Pregnancy and the developmental window during fetal growth are vulnerable periods that can impact health of offspring later in life [59]. An unhealthy diet during pregnancy can influence development of metabolic disorders, such as glucose homeostasis and insulin sensitivity, in the adult offspring [26,60,61]. Malnutrition, including obesity, during pregnancy influences the fetal epigenome and metabolic programming, which predispose to CVD, obesity, and diabetes mellitus [62]. The influence of perinatal diet on cerebrovascular disease is unclear.

The transition from childhood to adolescence is an important phase of development with rapid growth and hormonal and psychological changes. In recent decades, the incidence of overweight and obesity has increased among adolescents [63]. Using a meta-analysis of 49,220 individuals from 63 studies, Friedeman et al. [64] showed worsening of cardiovascular risk factors in overweight and obese individuals. While lifestyle modifications are essential during these developmental periods to reduce obesity, pharmacological intervention may also be necessary. Currently, liraglutide (a glucagon-like peptide-1 (GLP-1) analog) has been authorized for the treatment of obesity in adolescents [63]. A randomized, double-blind trial of liraglutide for adolescents with obesity demonstrated that liraglutide together with lifestyle changes led to a significantly greater reduction in the BMI compared to placebo plus lifestyle therapy [65].

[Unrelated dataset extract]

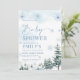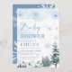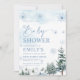 Chá de fraldas da Wonderland de inverno com pinheiros azuis com flocos de neve
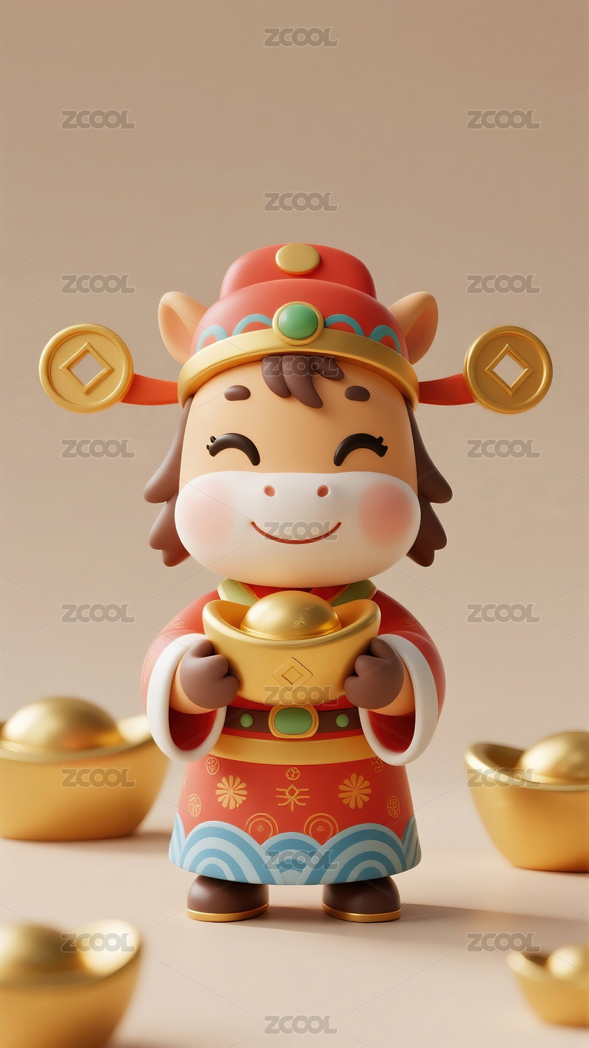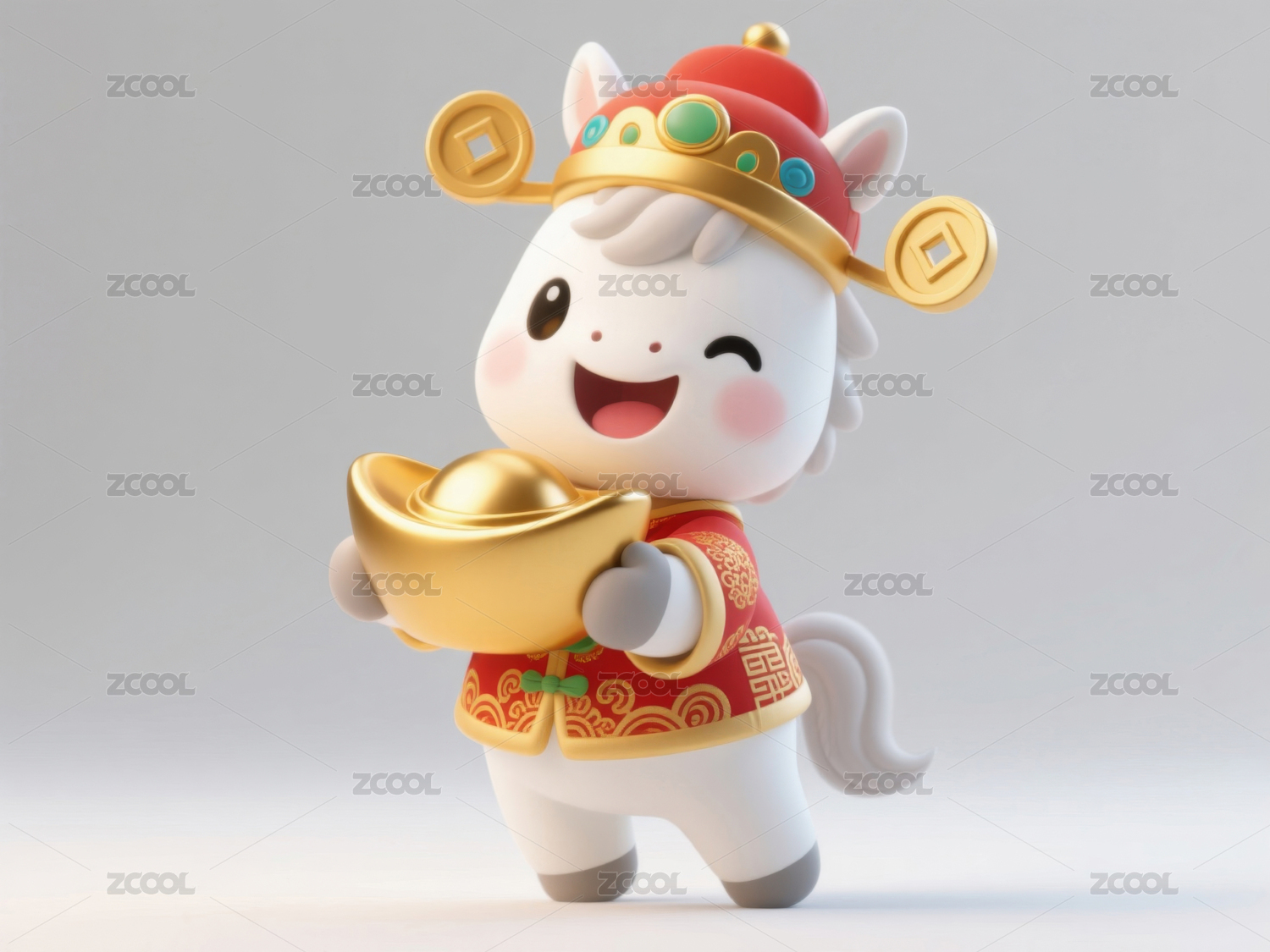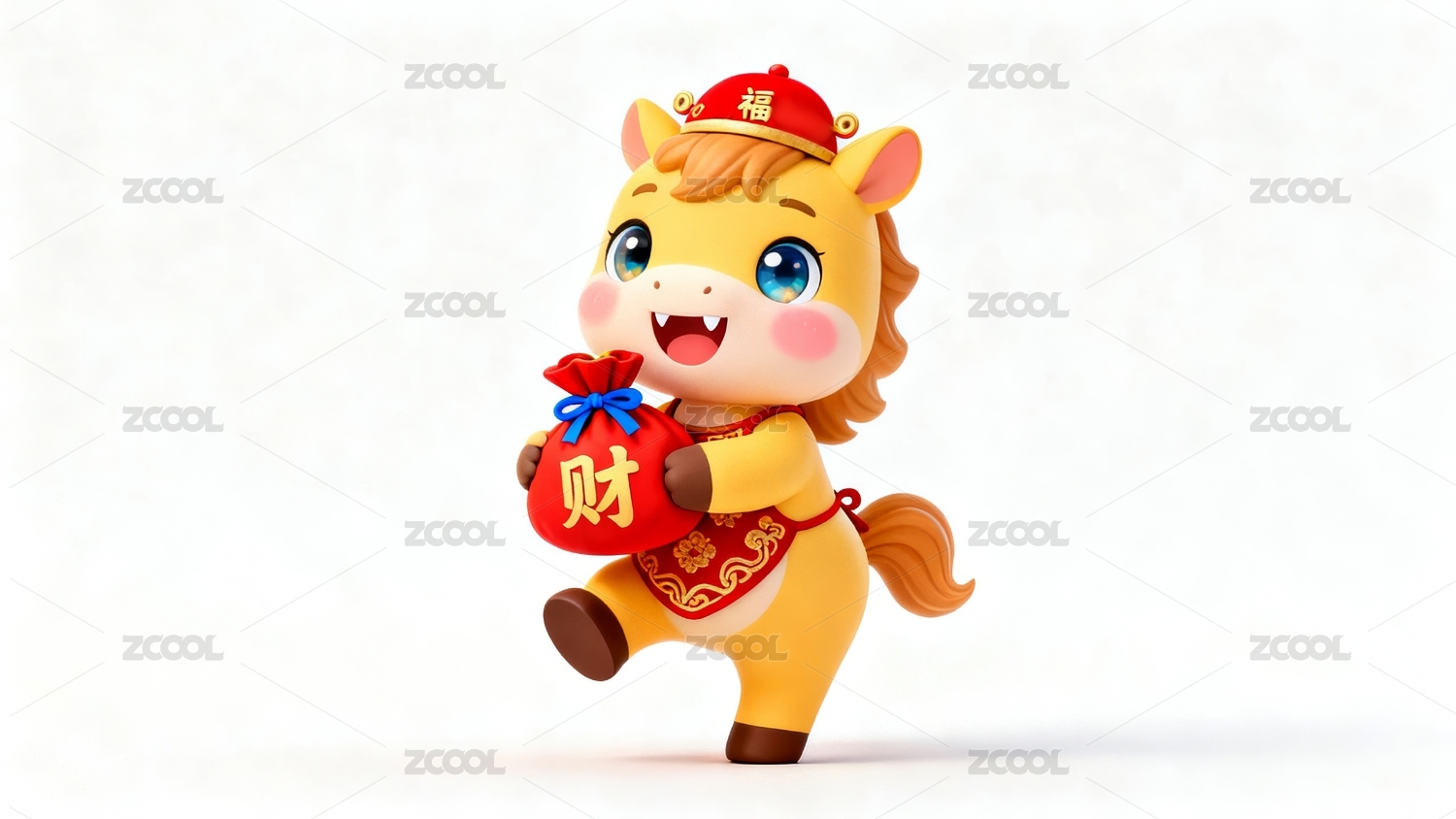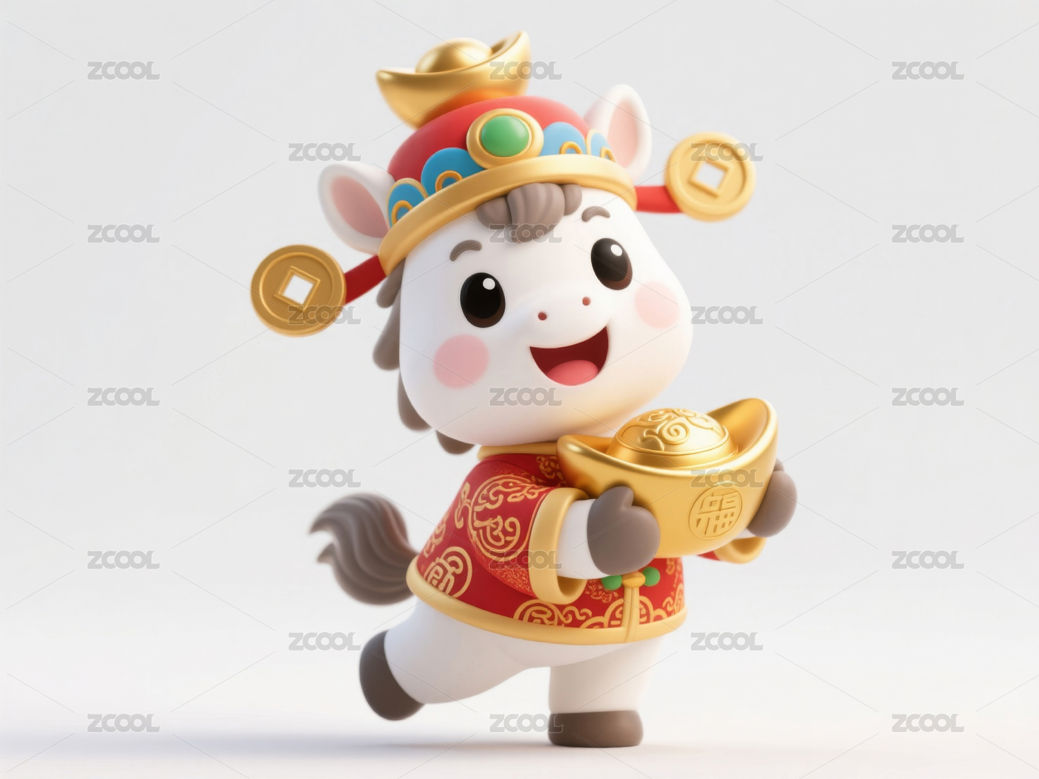 新年,小马,福气,金币,红色,服饰,卡通,节日,可爱

Obesity-related cerebrovascular disease

The relationship between obesity and pathological changes in the brain that lead to memory impairment and neurodegenerative disorders is an area of active study [66]. However, mechanisms linking these pathologies are elusive. Insulin resistance appears to be an important factor connecting obesity with cognitive functions [67]. This is supported by the fact that alterations in insulin concentration and insulin receptor function in the brain have been described in AD, and AD is also called “type 3 diabetes” [68]. Studies on different animal models confirmed the observations in humans that insulin resistance developed by consuming a high-fat (HF) diet increases amyloid-β (Abeta) production and plaque deposition in the brains of transgenic Tg2576 mice [69] and triple transgenic (3xTg-AD) mice [70]. Another possible mechanism is the presence of oxidative stress caused by inflammation [71]. It was demonstrated that proinflammatory cytokines that are able to cross the blood brain barrier (BBB) can affect neuronal processes [72]. Moreover, several studies have demonstrated that peripheral inflammation is able to alter the integrity of the BBB by damaging the tight junctions of microvascular endothelial cells of the BBB [73]. The major components of tight junctions are the proteins claudin, which seems to regulate permeability, and ocludin, which forms the backbone of tight junction strands and seem to be a sensitive indicator of structural changes in the BBB [74]. Thus, these obesity-mediated inflammatory changes can lead to neuroinflammation, followed by subsequent damage to the central nervous system by oxidative stress, which may alter synaptic plasticity, affect the development of neuronal synaptic activity and function and lead to neuronal death [75].

Vascular remodeling and perivascular adipose tissue

Obesity is characterized by fat deposition in adipose tissue (AT), especially in the subcutaneous and visceral areas. However, AT is not only a depot of energy but also an important endocrine organ. In addition to these main fat depots, there are other important fat deposits in the body. These include epicardial, pericardial and perivascular AT, which can play an important role in the development and progression of CVD [76]. Interestingly, the measurement of the size of epicardial AT serves as a powerful potential diagnostic tool in assessing cardiovascular and metabolic risk. Measurement of epicardial AT using transthoracic echocardiography is cost-effective, more convenient, accurate and reproducible [77], suggesting that increased epicardial AT is a risk factor for metabolic syndrome and is associated with T2DM, insulin resistance and liver steatosis. In this review, we will focus only on the function of perivascular AT (PVAT).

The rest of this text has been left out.